Luna shook her head. "Not this time..."
 Hermione looked at her. "Thanks Luna, but that wasn't necessary."
"We can't hex them." Luna pointed out. "Jones is an arse, so he's going to respect you being someone's possession more than anything else."

"Then where am I going to find a boyfriend?"
Luna pointed at Draco. "I bet if you ask nicely, he'll help you. And he's the only boy here who's capable of protecting you from that bully and is single."
"Hey!" said Ron.
They all looked at him. 
"Will you do it though?" Harry asked. "And Luna, I'm single--" 

"The minute Hermione tries to act like your mother, your cover's blown." Luna replied, spearing a piece of meat with her fork and examining it.
"Draco, will you please be my fake boyfriend so we can avoid Jonathan Jones?" Hermione sighed.
Draco smiled. At least it was a start. "Well. I don't know, Granger. I'll have to think about it." 

"How is this going to protect her? We can all just stay together. If he's her boyfriend, we'll all want to strangle him." Ginny pointed out.
Luna shrugged. "We won't ever leave them alone, now will we? Besides, Draco is the snarkiest of all of you."
"I think I'd prefer Jones." Hermione muttered.
Draco looked offended. "Fine, Granger. I'll help you. But..."
Luna seemed to be trying to not laugh. Everyone else rolled their eyes.
"You have to help me clean my room better, deal?"
Hermione nodded. "You can't treat me like a house elf though." 

"Why? I thought you liked them." Draco blinked. "Though I assure you, your friends would probably hang me from the ceiling until I turned purple if I tried to deprive you of clothes." 
Hermione shot him a murderous look, and Luna sighed, looking up at the ceiling in exasperation. 
"Fine, I promise I'll... be cordial? I assume that's what you want." Draco huffed. 
"Then yes, I agree to your deal."

The rest of the classes passed much the same, with no homework and minimal attention paid by everyone except Hermione and Draco, the latter of which only paid attention to show her up later. When they were walking home, Luna said, "Put your arm around Hermione."
"What?" Draco and Hermione both said (though neither sounded particularly upset).
 "Do it!" Luna hissed. Draco put his arm around Hermione obediently. Luna nodded with satisfaction. Jonathan Jones was heading towards them. 

He raised an eyebrow at Draco's arm around Hermione. "As if this makes sense. Now, sweetheart, do you have plans of becoming a cheerleader? Because I'm the star quarterback, and-"
"No you're not. Tryouts are tomorrow. Mrs. Snitch told me. And anyway, what makes you so sure you'll win? Other people want to be the quarterback too." Luna piped up. Jonathan cracked his knuckles. "No, they don't. Besides, do any of you even know what football is?"

Ron nodded. "It's that game where you kick the ball around!" 
"No, you carry it." Jonathan scoffed. 
"Americans are weird." Hermione muttered to Ron. 

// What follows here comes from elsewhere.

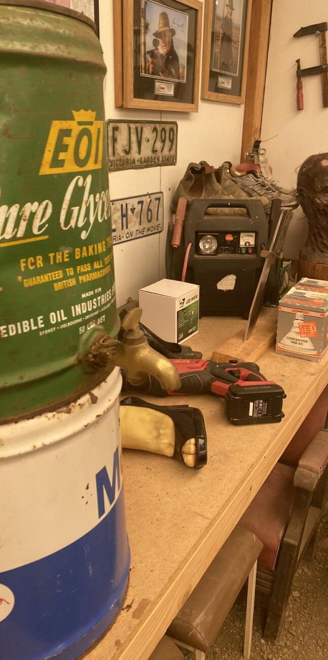 Back home in Yandoit Chris shows his Wolf Creek museum, its props including a charred body, severed limbs and a skull, posters, signed photos and, dominating the space, a sky blue 1977 Ford F250, a replica of one in the film, signed within by Jarratt, and a massive 1978 HX Holden Statesman Caprice, used in the TV series.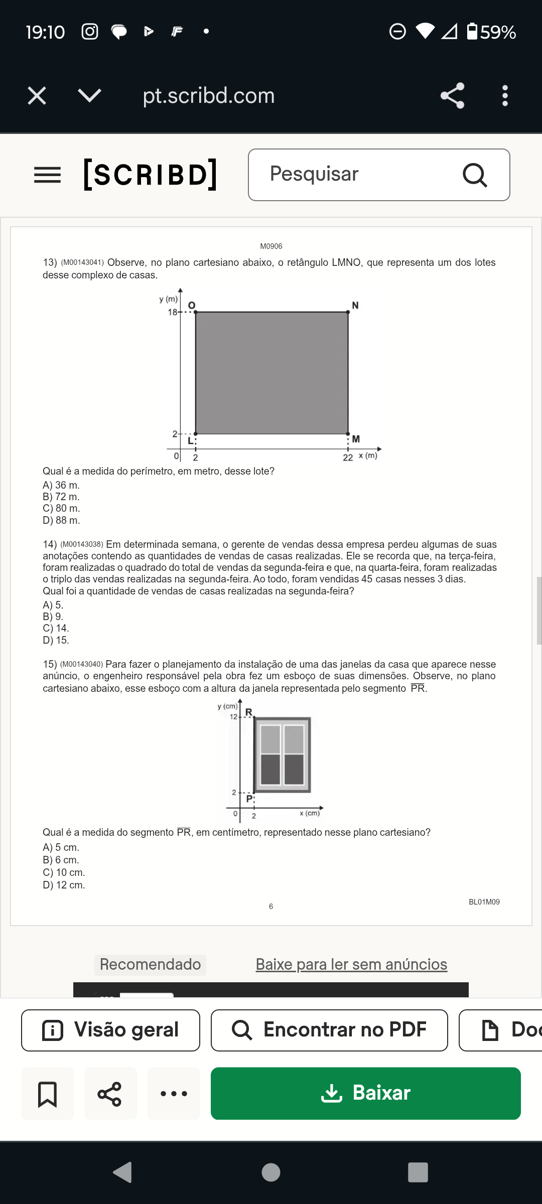 19:10 59% X pt.scribd.com [SCRIBD] Pesquisar M0906 13) (M00143041) Observe, no plano cartesiano abaixo, retângulo LMNO, que representa um dos lotes desse complexo de casas. y (m) o N 18 2 L: M 0 2 22 (m) Qual é a medida do perímetro, em metro, desse lote? A) 36 m. B) 72 m. C) 80 m. D) 88 m. 14) (M00143038) Em determinada semana, gerente de vendas dessa empresa perdeu algumas de suas anotações contendo as quantidades de vendas de casas realizadas. Ele se recorda que, na terça-feira, foram realizadas quadrado do total de vendas da segunda-feira e que, na quarta-feira, foram realizadas triplo das vendas realizadas na segunda-feira. Ao todo, foram vendidas 45 casas nesses 3 dias. Qual foi a quantidade de vendas de casas realizadas na segunda-feira? A) 5. B) 9. C) 14. D) 15. 15) (M00143040) Para fazer planejamento da instalação de uma das janelas da casa que aparece nesse anúncio, engenheiro responsável pela obra fez um esboço de suas dimensões. Observe, no plano cartesiano abaixo, esse esboço com a altura da janela representada pelo segmento PR. y (cm) R 12 2 P 0 2 (cm) Qual é a medida do segmento PR, em centímetro, representado nesse plano cartesiano? A) 5 cm. B) 6 cm. C) 10 cm. D) 12 cm. BL01M09 6 Recomendado Baixe para ler sem anúncios i Visão geral Encontrar no PDF Do Baixar

Luna raised an eyebrow, and said, "If you keep doing that to your hands, the nargles will get you."
"The what?" Jonathan laughed.
"The nargles. And where we come from, if you don't like somebody, you call them by their last name. First names are for friends only."
"But I do like Hermione, Blondie. And speaking of blonds, what wrong with brunette, Hermione?" He said, pointing to his own dark locks. Draco's grip on Hermione tightened. "I don't think so, Jones. I think Hermione can choose the right sort for herself, thanks." 

Jonathan sneered at him, and Draco raised an eyebrow. "Oh come now, Jones! I could sneer better than that in diapers!"
"I'll bet. Probably came out scowling." Ginny muttered.
"And you want to steal my girl? Ha!" Draco continued. Jonathan glared at him, and Hermione shot Draco a wary look that no one but he and Luna saw, and Draco smirked at Jonathan. "And your glaring is even worse."

Jonathan huffed, before leaving. "I'm going to get you soon, Blondies." 

*Author's Note*

By the way, the original Hermione was the daughter of Helen of Troy. And I'm thinking of having Draco try out for quarterback, just to piss off Jonathan. That would be fun. 

However, Draco doesn't have the muscle for it. Quidditch players are built to be more wiry than football players.